In all of the circumstances, I am unable to accept that the only reasonable exercise of the discretion in this case was to decline to admit the child witness interview. Plainly, the fact that S was not visible for much of the interview was a relevant consideration, but it did not compel the conclusion that the evidence must not be admitted. The significance of facial expressions in assessing whether a witness is telling the truth can be overstated, particularly where the witness is a child. An adequate assessment of the credibility and reliability of S could be made by the jury notwithstanding the fact that she could not be seen during most of the interview. In coming to that conclusion, I have taken into account the following factors:
1.The age and immaturity of S.
2.The circumstances in which S was interviewed, including the furnishing of the interview room and the prominence of the video camera.
3.The reason why S hid under the table.
4.The fact that S was visible at the beginning of the interview and, briefly, at other times.
5.That S's voice, including her tone and manner of speaking, was clearly audible throughout the recording.

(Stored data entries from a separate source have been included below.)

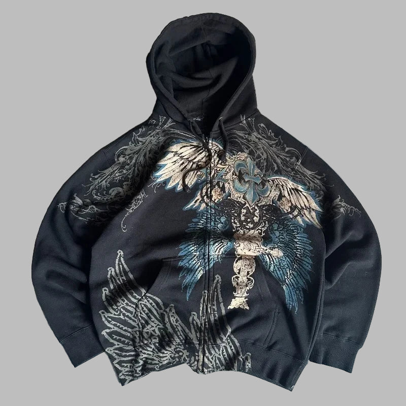 Sweatshirt preta com estampado de asas e caveiras estilo metal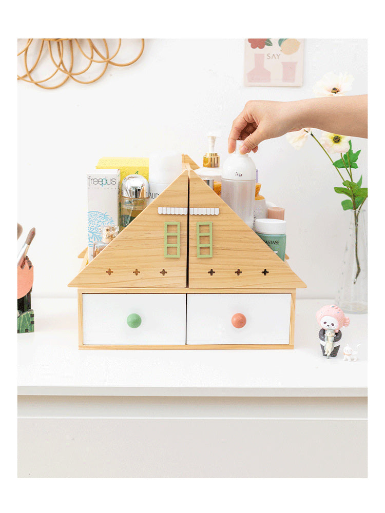 Add style and organization to your space with our versatile wooden storage box. Perfect for holding books, office supplies, or even as a decorative piece, this box doubles as bookends and a desk organizer. Makes a great gift for anyone looking to add a touch of charm to their room. Roof and drawers can be separated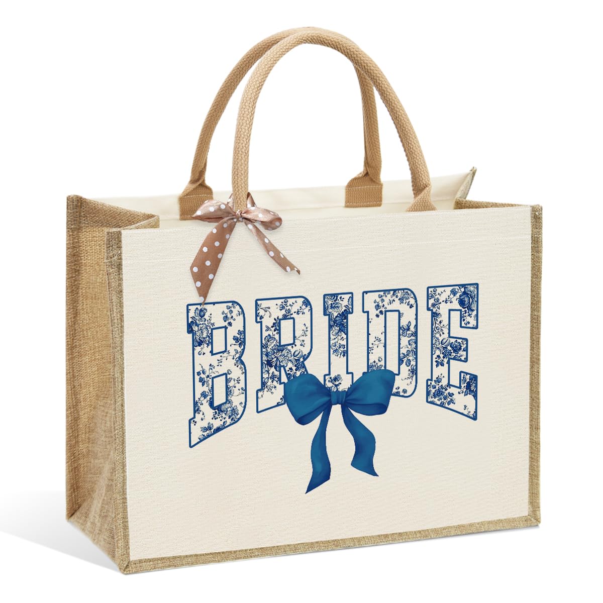 KongMoTree Bride Bag, Bride Gifts, Bridal Shower Gifts, Blue Bows Canvas Tote Bag Wedding Bachelorette Bride Gift Bridesmaid Tot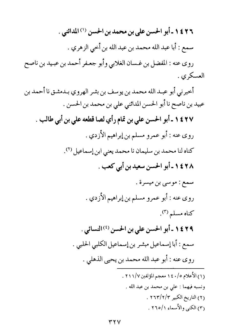 1426- أبو الحسن علي بن محمد بن الحسن المدائني.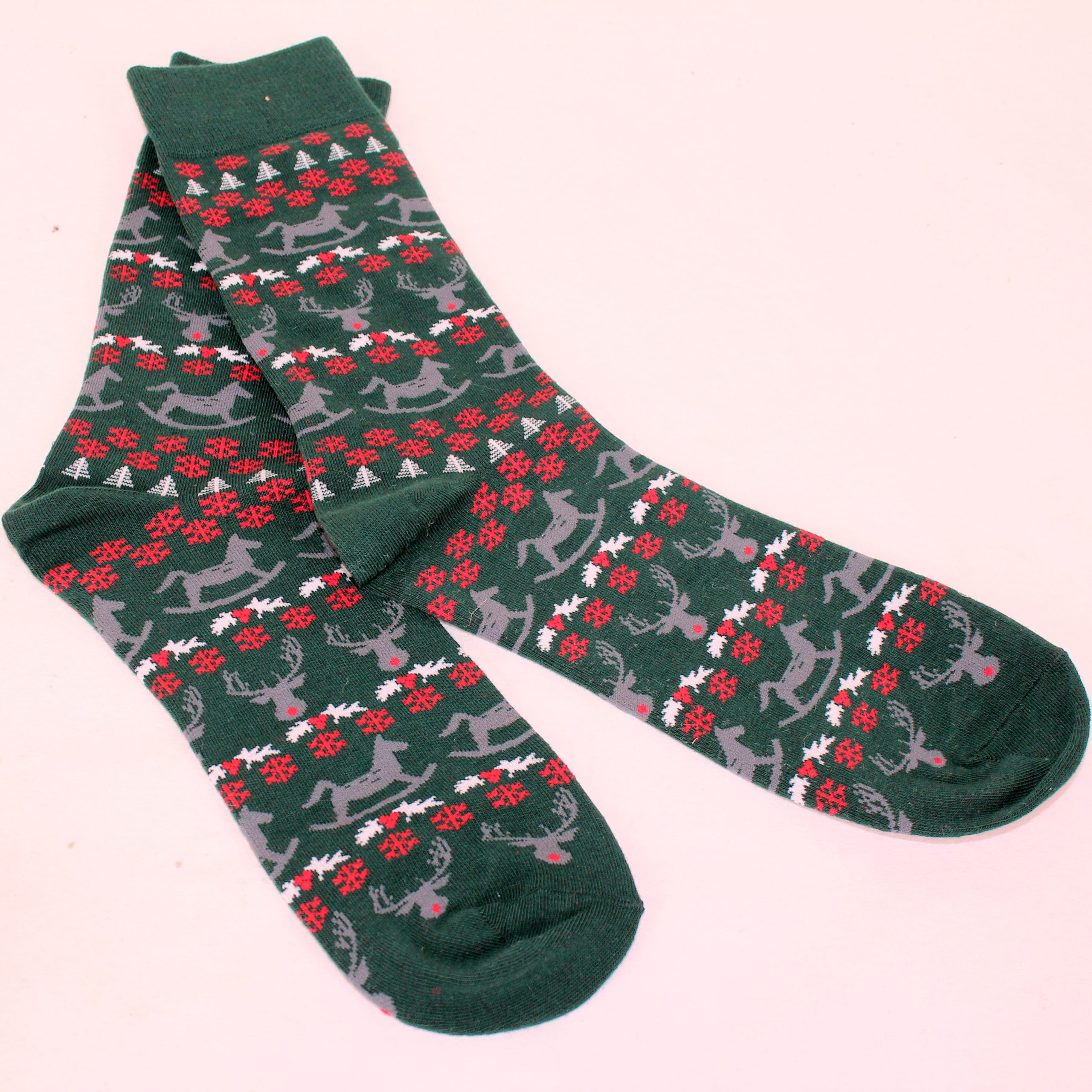 Weihnachtssocken in einem schönen Weihnachtsmuster mit Rentieren und Schaukelpferd in dunkelgrünen Farben. Die Weihnachtssocken passen zu Schuhgröße 40/41 – 47. Materialien: 75% Baumwolle, 22% Polyester und 3% Spandex. Waschbar bei 30 Grad. Qualitätsstrümpfe mit lustigen und schönen Weihnachtsmotiven. Wir haben viele Modelle und Größen. Weihnachtssocken sind ein perfektes Kalendergeschenk oder Adventsgeschenk.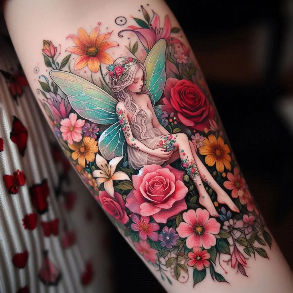 Fairies and flowers go hand in hand. A flower fairy tattoo can show a fairy sitting among colorful blooms, with each flower representing different meanings. Roses symbolize love, lilies represent purity, and daisies are often associated with innocence and new beginnings. This sleeve tattoo combines nature’s beauty with the playful spirit of fairies.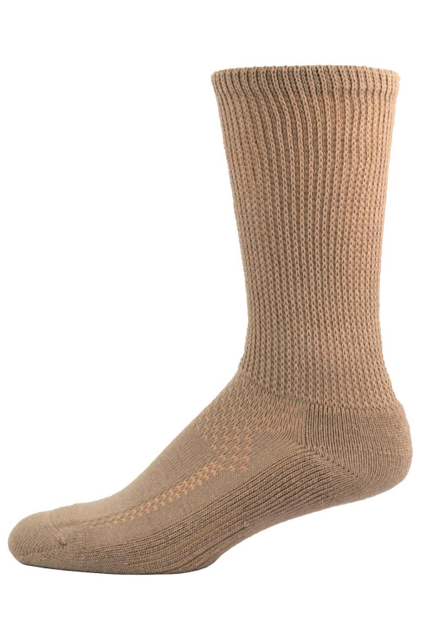 - Mid calf wide stretch. Flat seam for comfort. Moisture wicking. Cushioned Sole. Easy to slip on. Sag resistant. For both men and women.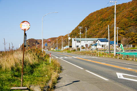 | 【仮称・有勢内踏切】付近より、国道235号線の西側(静内・苫小牧方面)を見る。 踏切近傍に道南バス上り 【有勢内沢】 停留所が置かれている。 下り側停留所は、この先約150m右側。 |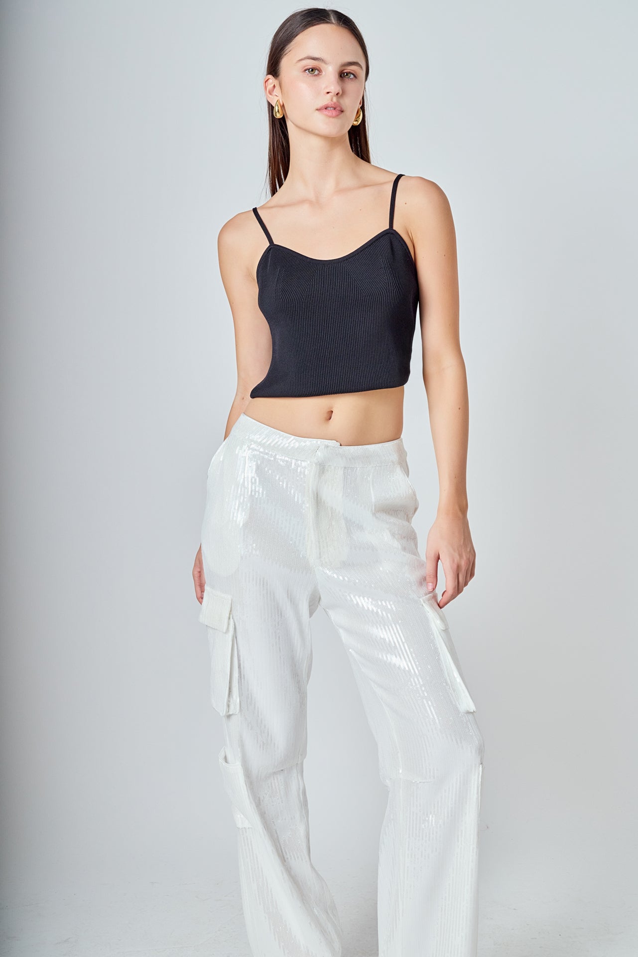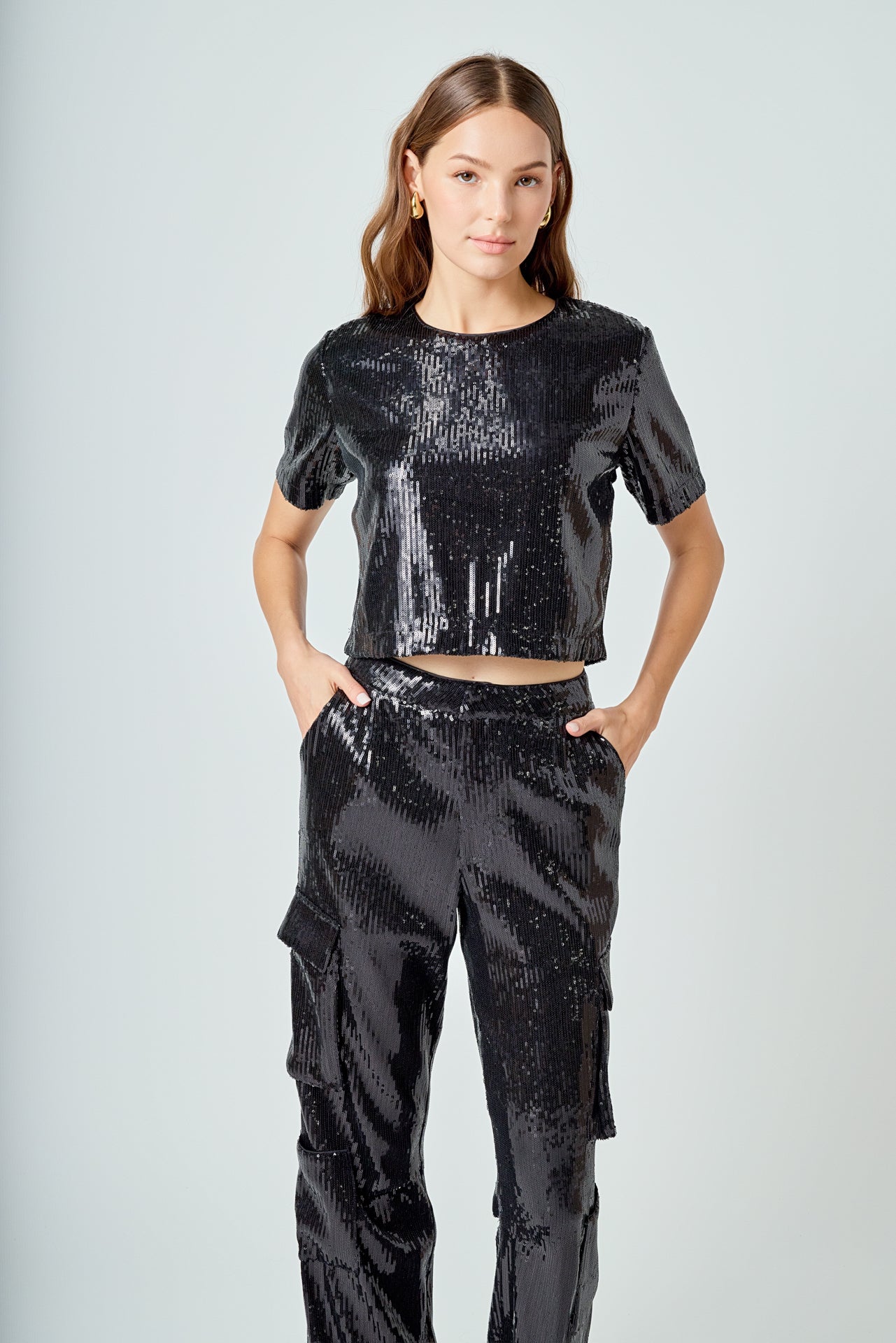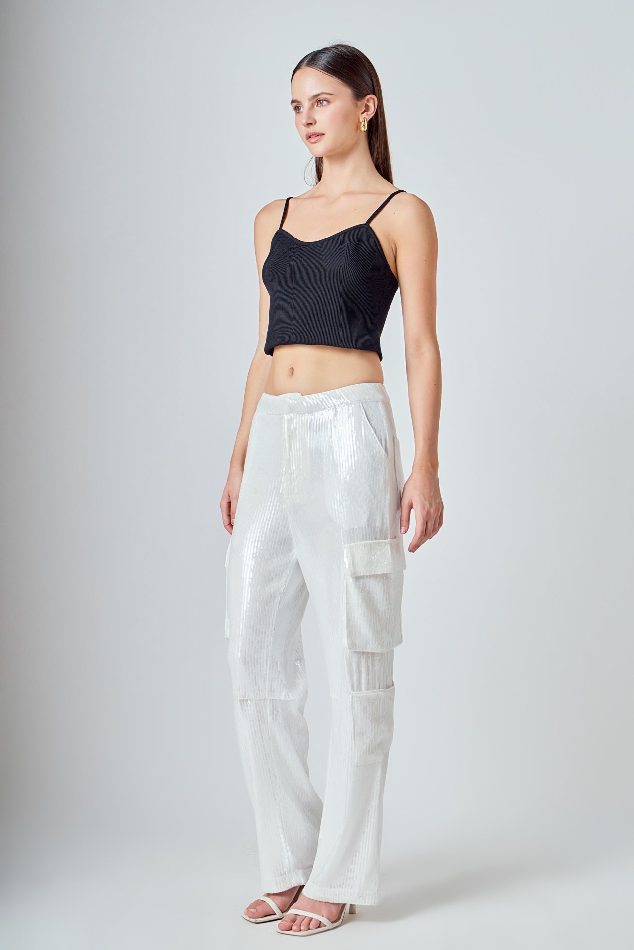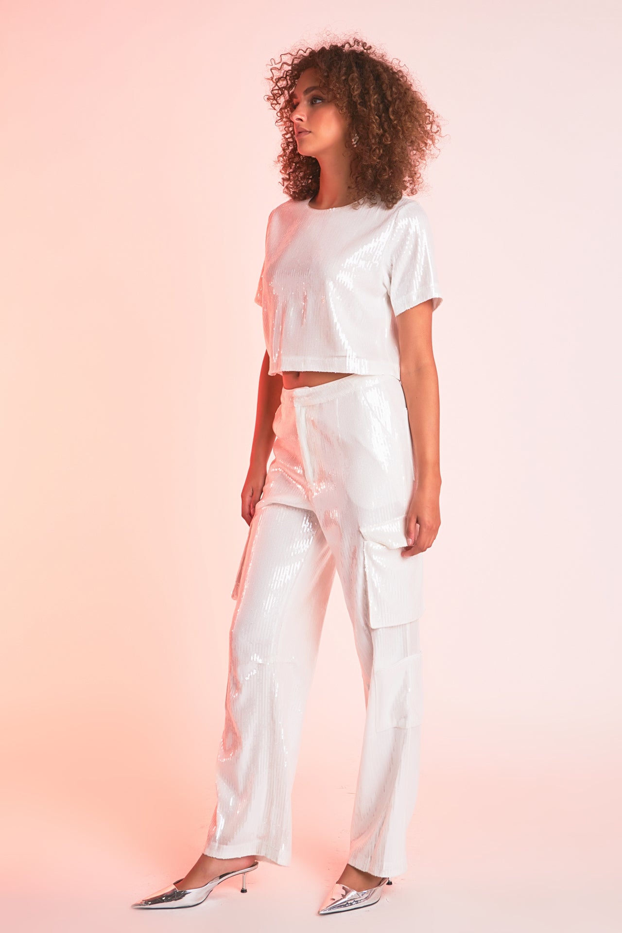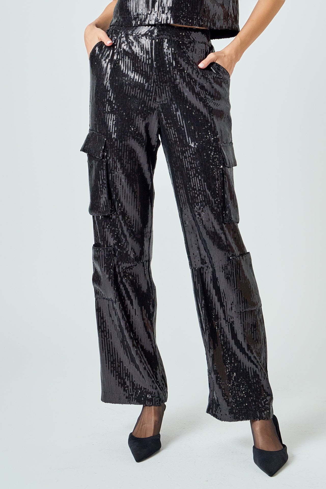 Add glamour to your wardrobe with our fashion-forward Sequins Cargo Pants. Our low rise cargo pant features luxurious sequins to captivate and add a little sparkle to your look. Featuring a side pocket detail you'll be sure to stand out with these sequins pants. Made with high quality fabrics these cargo pants are an absolute must-have for any fashion pant wardrobe. Shop now and show off those unique sequins!

6.That the interview recording formed only part of the evidence of S. S also gave evidence at a pre‑recording at which she was visible and at which she confirmed the truthfulness of the allegations made in the child witness interview.
Clearly it was undesirable for S to remain under the table and not be visible throughout most of the child witness interview. It would have been preferable had the interviewer not told S that she could remain where she was and, rather, had encouraged her to sit up where she was visible. However, the interviewer may well have been concerned that there was a risk that the evidence of S may have been lost if not gathered early and in a way that S was comfortable with. In any event, the fact that the recording does not show the facial expressions of S does not necessarily lead to a conclusion that the evidence should not have been admitted. That deficiency in the recording must be seen in context.
I also note that, in dealing with ground 3 and the question of whether the verdicts were unreasonable or unsupported by the evidence, it has been necessary to consider whether it was open for the jury to be satisfied beyond reasonable doubt that the appellant committed the alleged offences. In the circumstances of this case that means that it must have been open to the jury to conclude that the evidence of S was credible and reliable in the critical respects. I agree with Mazza and Vandongen JJA that ground 3 has no reasonable prospect of success. That conclusion has not been impeded by the nature of the child witness interview.
Whilst I would grant leave to appeal on ground 1, I would not uphold that ground for the reasons I have given. I agree that leave to appeal should be refused on grounds 2, 3 and 4. In my view the appeal should have been dismissed.
I certify that the preceding paragraph(s) comprise the reasons for decision of the Supreme Court of Western Australia.